## AIM OF THE TASK:
Will you output all of the data below exactly, omitting the images?

== Segment start ==

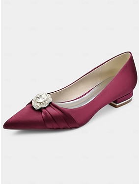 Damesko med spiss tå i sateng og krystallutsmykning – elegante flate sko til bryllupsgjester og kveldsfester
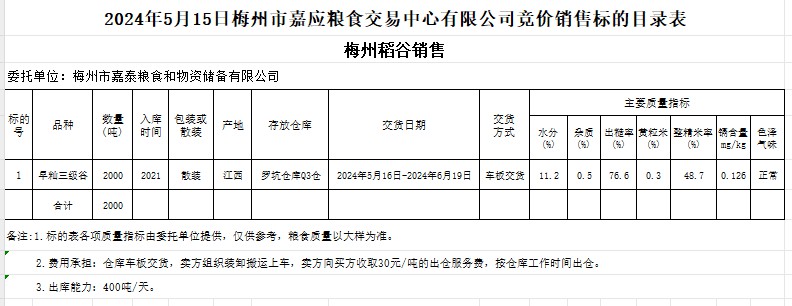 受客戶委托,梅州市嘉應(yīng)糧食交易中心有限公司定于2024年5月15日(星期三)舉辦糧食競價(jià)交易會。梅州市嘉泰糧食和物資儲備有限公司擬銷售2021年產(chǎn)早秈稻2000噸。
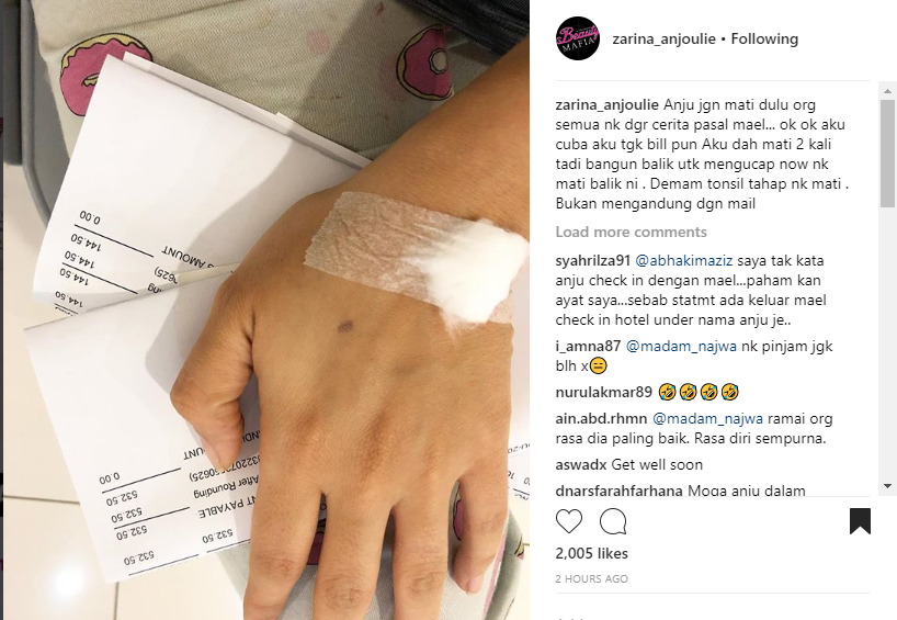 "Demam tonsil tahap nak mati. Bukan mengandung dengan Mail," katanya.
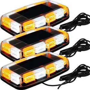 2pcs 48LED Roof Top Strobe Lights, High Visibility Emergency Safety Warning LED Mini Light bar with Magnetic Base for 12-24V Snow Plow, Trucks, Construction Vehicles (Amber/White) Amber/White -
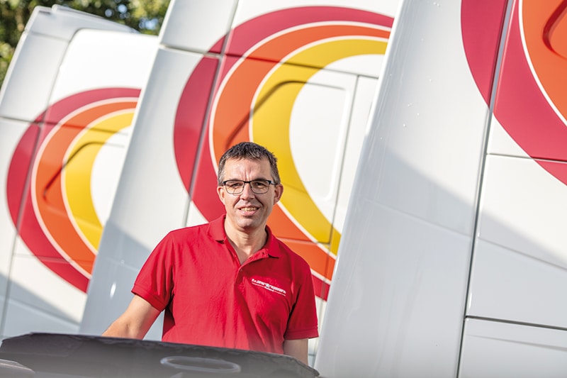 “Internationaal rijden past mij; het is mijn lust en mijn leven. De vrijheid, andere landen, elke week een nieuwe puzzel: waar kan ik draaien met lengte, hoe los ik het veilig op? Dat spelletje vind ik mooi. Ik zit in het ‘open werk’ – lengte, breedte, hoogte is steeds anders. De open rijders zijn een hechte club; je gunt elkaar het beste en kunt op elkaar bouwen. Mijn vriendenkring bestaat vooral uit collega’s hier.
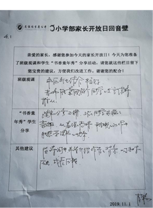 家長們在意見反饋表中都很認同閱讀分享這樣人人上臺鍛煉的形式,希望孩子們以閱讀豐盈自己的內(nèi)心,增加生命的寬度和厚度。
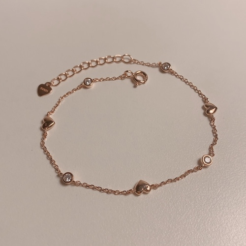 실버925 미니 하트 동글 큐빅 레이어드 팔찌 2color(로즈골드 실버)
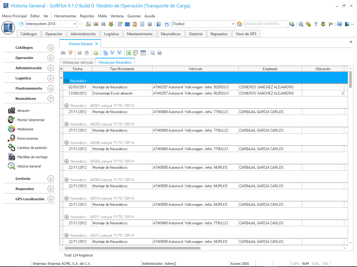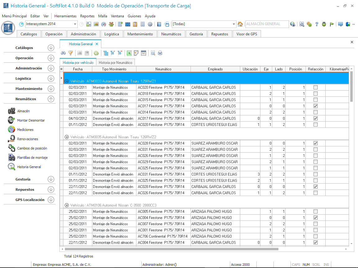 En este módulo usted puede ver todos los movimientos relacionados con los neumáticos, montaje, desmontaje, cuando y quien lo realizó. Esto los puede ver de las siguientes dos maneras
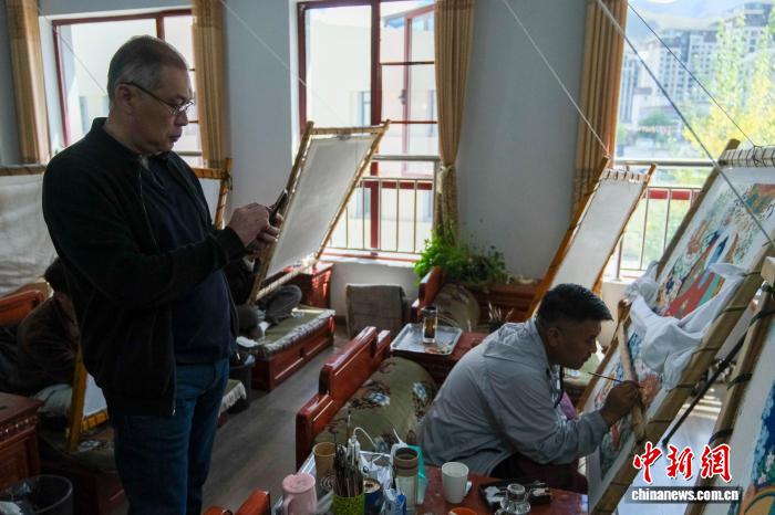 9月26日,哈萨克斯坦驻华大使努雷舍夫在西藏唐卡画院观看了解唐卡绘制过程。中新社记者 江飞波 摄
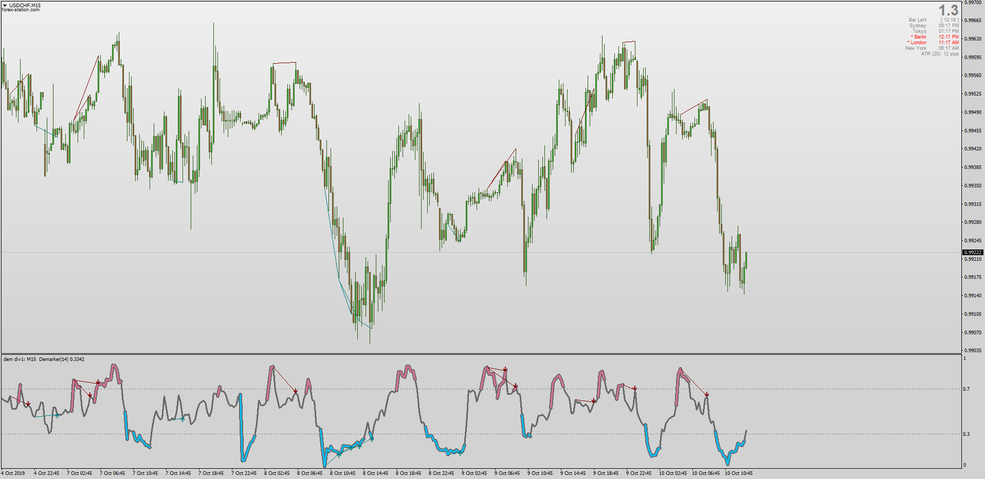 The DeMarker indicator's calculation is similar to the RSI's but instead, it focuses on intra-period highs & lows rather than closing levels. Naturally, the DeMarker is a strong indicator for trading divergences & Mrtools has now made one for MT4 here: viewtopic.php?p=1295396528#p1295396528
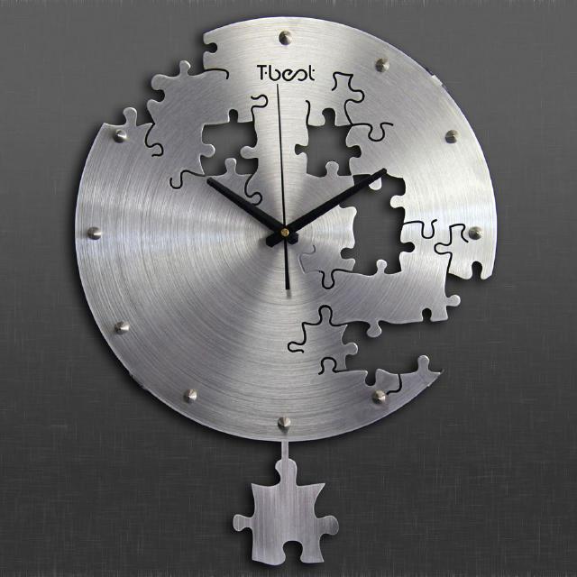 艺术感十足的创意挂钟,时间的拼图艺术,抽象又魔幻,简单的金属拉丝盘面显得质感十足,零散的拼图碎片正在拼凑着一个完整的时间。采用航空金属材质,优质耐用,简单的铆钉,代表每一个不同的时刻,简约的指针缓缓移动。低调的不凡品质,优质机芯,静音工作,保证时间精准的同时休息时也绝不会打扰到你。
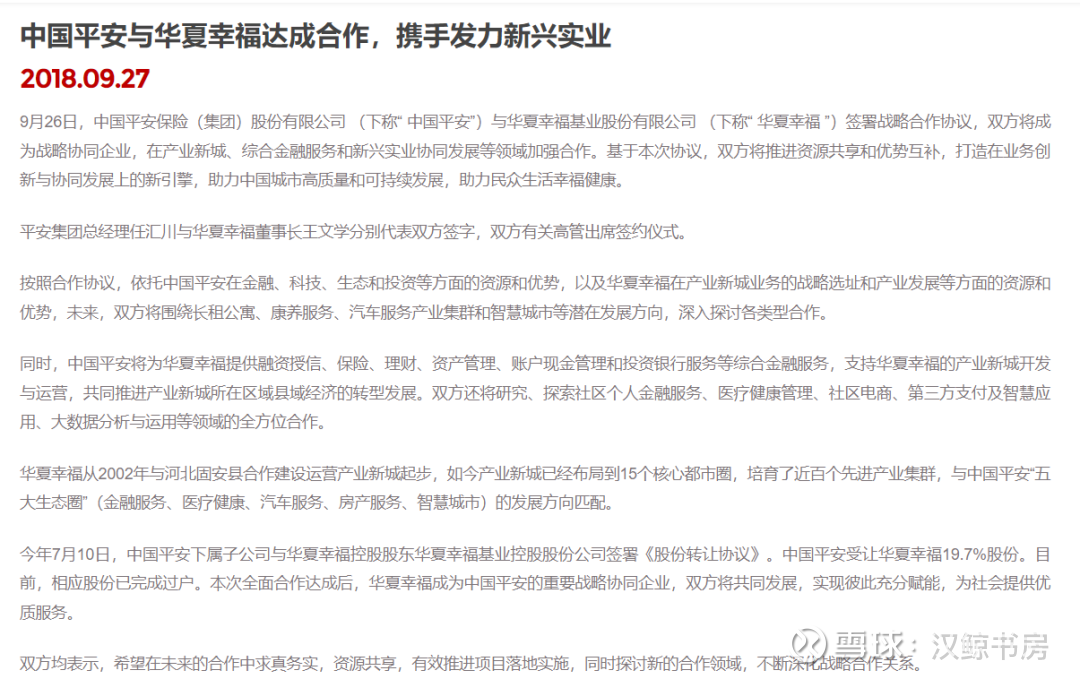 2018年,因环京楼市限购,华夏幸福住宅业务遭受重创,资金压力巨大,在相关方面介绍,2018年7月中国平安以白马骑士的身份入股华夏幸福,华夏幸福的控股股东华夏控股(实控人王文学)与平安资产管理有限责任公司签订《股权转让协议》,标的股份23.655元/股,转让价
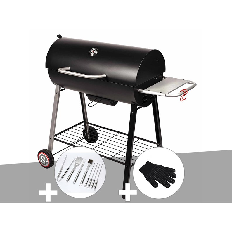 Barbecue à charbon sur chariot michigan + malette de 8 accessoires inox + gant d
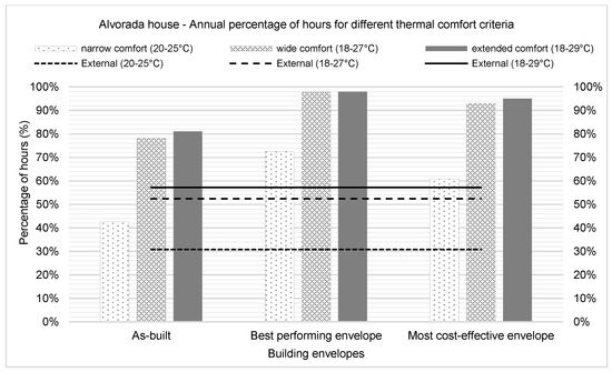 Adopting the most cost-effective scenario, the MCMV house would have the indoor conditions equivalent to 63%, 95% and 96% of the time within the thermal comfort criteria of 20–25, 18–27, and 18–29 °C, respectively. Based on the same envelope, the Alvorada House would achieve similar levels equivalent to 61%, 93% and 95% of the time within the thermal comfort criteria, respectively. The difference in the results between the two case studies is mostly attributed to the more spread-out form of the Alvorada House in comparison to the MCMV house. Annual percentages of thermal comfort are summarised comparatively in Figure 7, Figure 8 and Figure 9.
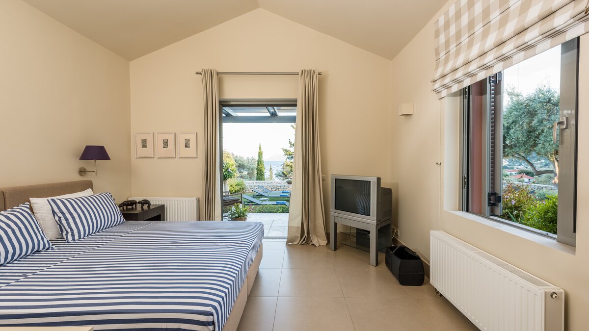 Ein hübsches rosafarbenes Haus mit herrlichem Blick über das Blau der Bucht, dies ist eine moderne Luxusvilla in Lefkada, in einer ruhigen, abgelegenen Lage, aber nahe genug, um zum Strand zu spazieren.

== Segment end ==

## YOUR RESPONSE:
 Damesko med spiss tå i sateng og krystallutsmykning – elegante flate sko til bryllupsgjester og kveldsfester
 受客戶委托,梅州市嘉應(yīng)糧食交易中心有限公司定于2024年5月15日(星期三)舉辦糧食競價(jià)交易會。梅州市嘉泰糧食和物資儲備有限公司擬銷售2021年產(chǎn)早秈稻2000噸。
 "Demam tonsil tahap nak mati. Bukan mengandung dengan Mail," katanya.
 2pcs 48LED Roof Top Strobe Lights, High Visibility Emergency Safety Warning LED Mini Light bar with Magnetic Base for 12-24V Snow Plow, Trucks, Construction Vehicles (Amber/White) Amber/White -
 “Internationaal rijden past mij; het is mijn lust en mijn leven. De vrijheid, andere landen, elke week een nieuwe puzzel: waar kan ik draaien met lengte, hoe los ik het veilig op? Dat spelletje vind ik mooi. Ik zit in het ‘open werk’ – lengte, breedte, hoogte is steeds anders. De open rijders zijn een hechte club; je gunt elkaar het beste en kunt op elkaar bouwen. Mijn vriendenkring bestaat vooral uit collega’s hier.
 家長們在意見反饋表中都很認同閱讀分享這樣人人上臺鍛煉的形式,希望孩子們以閱讀豐盈自己的內(nèi)心,增加生命的寬度和厚度。
 실버925 미니 하트 동글 큐빅 레이어드 팔찌 2color(로즈골드 실버)
 En este módulo usted puede ver todos los movimientos relacionados con los neumáticos, montaje, desmontaje, cuando y quien lo realizó. Esto los puede ver de las siguientes dos maneras
 9月26日,哈萨克斯坦驻华大使努雷舍夫在西藏唐卡画院观看了解唐卡绘制过程。中新社记者 江飞波 摄
 The DeMarker indicator's calculation is similar to the RSI's but instead, it focuses on intra-period highs & lows rather than closing levels. Naturally, the DeMarker is a strong indicator for trading divergences & Mrtools has now made one for MT4 here: viewtopic.php?p=1295396528#p1295396528
 艺术感十足的创意挂钟,时间的拼图艺术,抽象又魔幻,简单的金属拉丝盘面显得质感十足,零散的拼图碎片正在拼凑着一个完整的时间。采用航空金属材质,优质耐用,简单的铆钉,代表每一个不同的时刻,简约的指针缓缓移动。低调的不凡品质,优质机芯,静音工作,保证时间精准的同时休息时也绝不会打扰到你。
 2018年,因环京楼市限购,华夏幸福住宅业务遭受重创,资金压力巨大,在相关方面介绍,2018年7月中国平安以白马骑士的身份入股华夏幸福,华夏幸福的控股股东华夏控股(实控人王文学)与平安资产管理有限责任公司签订《股权转让协议》,标的股份23.655元/股,转让价
 Barbecue à charbon sur chariot michigan + malette de 8 accessoires inox + gant d
 Adopting the most cost-effective scenario, the MCMV house would have the indoor conditions equivalent to 63%, 95% and 96% of the time within the thermal comfort criteria of 20–25, 18–27, and 18–29 °C, respectively. Based on the same envelope, the Alvorada House would achieve similar levels equivalent to 61%, 93% and 95% of the time within the thermal comfort criteria, respectively. The difference in the results between the two case studies is mostly attributed to the more spread-out form of the Alvorada House in comparison to the MCMV house. Annual percentages of thermal comfort are summarised comparatively in Figure 7, Figure 8 and Figure 9.
 Ein hübsches rosafarbenes Haus mit herrlichem Blick über das Blau der Bucht, dies ist eine moderne Luxusvilla in Lefkada, in einer ruhigen, abgelegenen Lage, aber nahe genug, um zum Strand zu spazieren.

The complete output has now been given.